Tenders will cover type one, two and three rotary wing services and type four fixed-wing services, as well as other specialist services. A request for proposals will also be issued this year to supply larger fixed-wing airtanker services, including very large airtankers and type one and 2 multi-engine airtankers, says the NAFC.

The new tenders come as the country prepares for the 2012/13 fire season, which will start in late August in some parts of the northeast and continue through to April in the southwest of the country.
Over the last two years, much of the country, with the exception of Western Australia (WA), has come off lightly—particularly compared to the devastating 2008/9 fire season in which more than 170 people died in the Black Saturday fires in Victoria. But Australia cannot be complacent with bushfires a constant threat in the summer months in vast areas of the country.

NAFC has yet to receive all the activity and mission figures from the states and territory for the 2011/12 fire season, but Alder says the last fire season was very similar to that of 2010/11. During that year, the national fleet of 53 helicopters and fixed-wing aircraft was activated on 550-plus occasions for firefighting and made more than 4,378 drops, delivering over 7.5 million liters of water/retardant.

As in the previous year, the aerial firefighting fleet was also put to use in 2011/12 on flood recovery and storm support missions in parts of Queensland, NSW, Victoria and WA. This shows the versatility of the firefighting fleet and the sharing arrangements, says Alder.

While much of the country suffered more from floods and storms in the 2011/12 fire season, WA once again had a long and busy fire season. For the first time, an Erickson S64E Aircrane—a more familiar sight in the east of the country—was stationed in Perth for the season. During the WA fire season, which kicks off in November/December and is now running through to April, the aerial firefighting fleet was activated 433 times (compared with 348 times in 2010/11), flying a total of 590 hours, according to the WA State Government. “Firefighters responded to more than 4,250 bushfires during a busy bushfire season and the support of the aerial fleet was vital,” says Troy Buswell, the state’s emergency service minister. As well as the Aircrane, dubbed Marty, the Perth-based fleet included two Sikorsky S61s, four Eurocopter AS350 Squirrels, a helicopter used for intelligence gathering, eight fixed-wing fire bombers and a Scout spotter aircraft. In total, the rotary fleet made 2,555 drops equating to nearly four million liters of water and foam, protecting more than 160 properties during the season, says the WA Government. “The introduction of the Erickson Aircrane, which can release up to 7,500 liters per drop, was a significant boost to the fleet this season and we will now assess its future role which will depend on seasonal forecasts,” says Buswell.

The national fleet for the coming year will be basically similar to 2011/12, with “maybe some changes at the edges”, says Alder.

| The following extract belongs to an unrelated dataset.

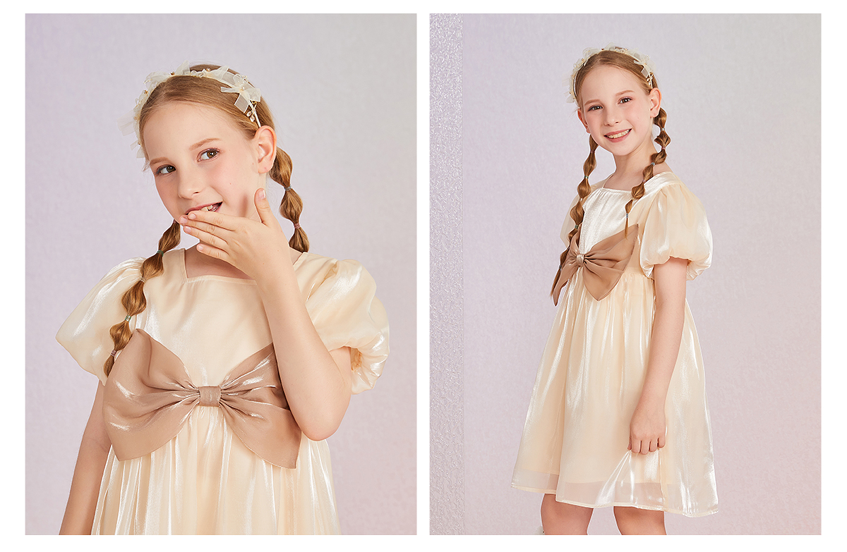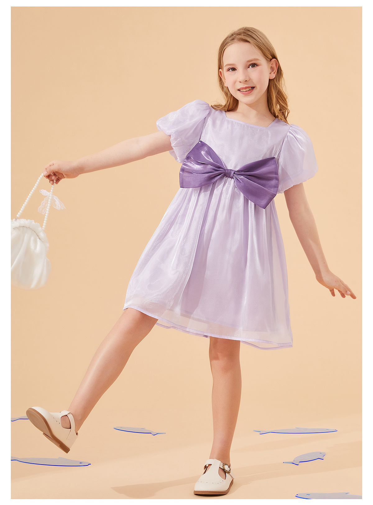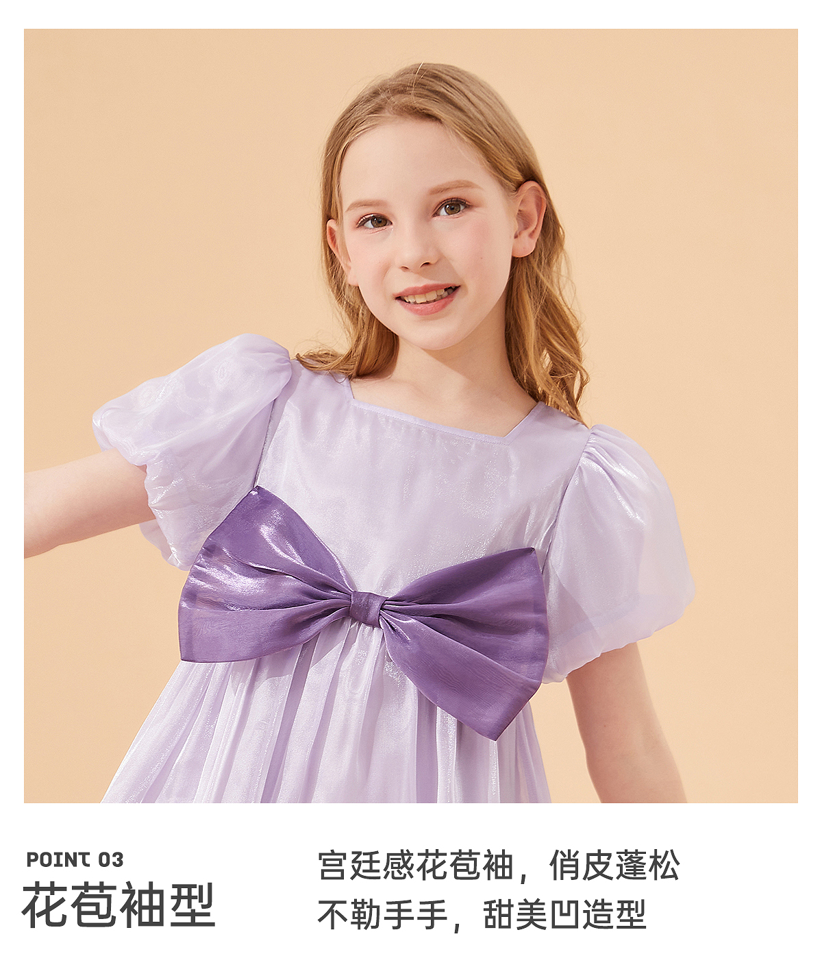 littletime女童暮云纱蝴蝶结公主裙洋气连衣裙夏装2023新款儿童裙

In addition to a decision yet to be made on the Perth Aircrane, the use of an extra type two helicopter in Tasmania (a Bell 205++ in 2010/11 and a Bell 212 in 2011/12) has not be determined.

It’s a bit early to forecast what the coming fire season will be like, says Alder, as although the climatic picture is no different to recent years, a lot depends on the weather in the spring.

The NAFC and the country’s fire agencies continue to monitor new technology that could aid their annual fight against bushfires, including unmanned aerial systems. A focus of the past 12 months, in particular, has been on firefighting chemicals and retardants. As a result of these studies, Alder says this fire season could see the use of water enhancers or gels that “will add another string to the bow.”

The co-ordinated, national approach to aerial firefighting appears to be working well for Australia, with the Federal Budget in May confirming that the NAFC will have its funding maintained for the next three years from 2013/14.